System A adopts the sub-panel in computer wiring to help participants identify ports quickly. User interviews revealed that regardless of system version, the processes were error-proof due to the fool-proofing design [53] of the cable contact ports in each step, regardless of system version.

6.9.2. Regarding Cognitive Load

Marker Tracking

The experimental results obtained using system A with marker tracking reduced participants’ mental demand. This was due to three reasons. First, system A can provide precise location instructions, making the participants more relaxed to complete the task.

Secondly, some participants prefer to use a reference virtual engine when step-by-step assistance is difficult to understand. System A with marker tracking can provide co-rotation between the virtual engine and the real engine, leading to more interaction between the virtual content. This not only deepens the understanding of the engine structure but also enhances the user’s enjoyment of the task. Finally, the HMD movement data in the engine maintenance task unveiled that participants using system A produced less head movement distance compared to those using system B for the bolt installation step. This occupied one-third of the total engine maintenance task. Figure 46 illustrates the HMD movement length of bolt installation of the engine maintenance task. In this study, the steps to installing bolts in the engine maintenance task were selected for comparison. A Shapiro–Wilk test reflected that the data were normally distributed. The results of ANOVA demonstrated significant differences between Engine A (M = 114.39 and SD = 25.84) and Engine B (M = 138.89 and SD = 27.34) at 95% confidence interval (

F = 7.001

and

p = 0.013

).

Sub-Panels

Experimental results using system A with sub-panels can reduce participation in temporal demand. User interviews suggested that system A kindly provided detailed information for participants with no experience in the task; therefore, novices had a more reasonable estimate of the difficulty and completion time of the task. This increased confidence and reduced anxiety. Participants who used system B felt a lack of adequate assistance and difficulty in controlling the progress of task completion.
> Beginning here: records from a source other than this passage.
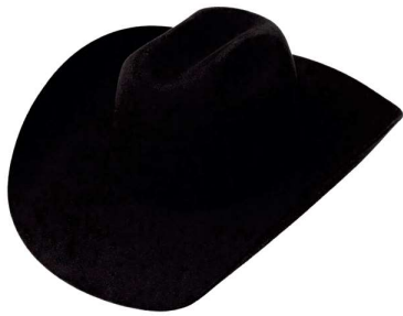
PUNCHY CODE: P HEIGHT: 5"
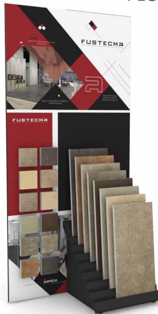
Imagen/Image Plug Pi 8P+T 40x500

Blanco/White Plata/Silver Grafito/Graphite Negro/Black
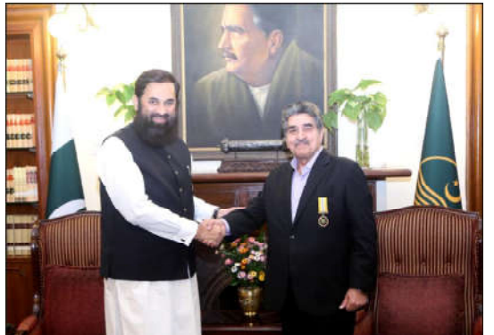
LAHORE: Governor Punjab Muhammad Balighur Rehman conferred tamga e Imtiaz on senior journalist, well-known anchor, Iftikhar Ahmed on behalf of the President of Pakistan in recognition of his outstanding contribution in the field of media at Governor House.

6.9.3. Regarding User Opinion

According to user interviews, participants found complex tasks easier to accomplish with the assistance of the AR task support system, regardless of System A or System B. Qualitative results on user system preferences implied that the majority of users chose the system. Subjective user opinions are listed based on user interviews as follows.

Marker Tracking

Marker Tracking allows users to quickly find locations;
Marker Tracking is useful for multi-directional tasks;
Marker Tracking allows users to freely rotate objects and form a 3D shape of objects in their heads, making it easier to familiarize themselves with objects;
Without Marker Tracking, the task would be very stressful.

Sub-Panels

Sub-Panel can provide more detailed information;
Sub-Panel is friendly to newbies;
Sub-Panel is closer for easier viewing of the contents.

6.9.4. Regarding System Adaptability

The support of different systems for the customized environment is investigated. According to the observations of the experimenters, the participants who used System A had differences among participants in the placement of the engine and the parts management box as expected. Some users mentioned that they could use System A to determine the position and orientation of the engine in the scene, as well as the distance between the parts case and the user following their own preferences. Participants using System B adopted pre-set spatial positions of objects in the experiment and were unable to independently change the position of individual objects in the scene. In other words, system A not only has good adaptability to industrial scenarios but also meets the individual needs of users in task implementation.

6.10. Limitations

This user study has the following limitations.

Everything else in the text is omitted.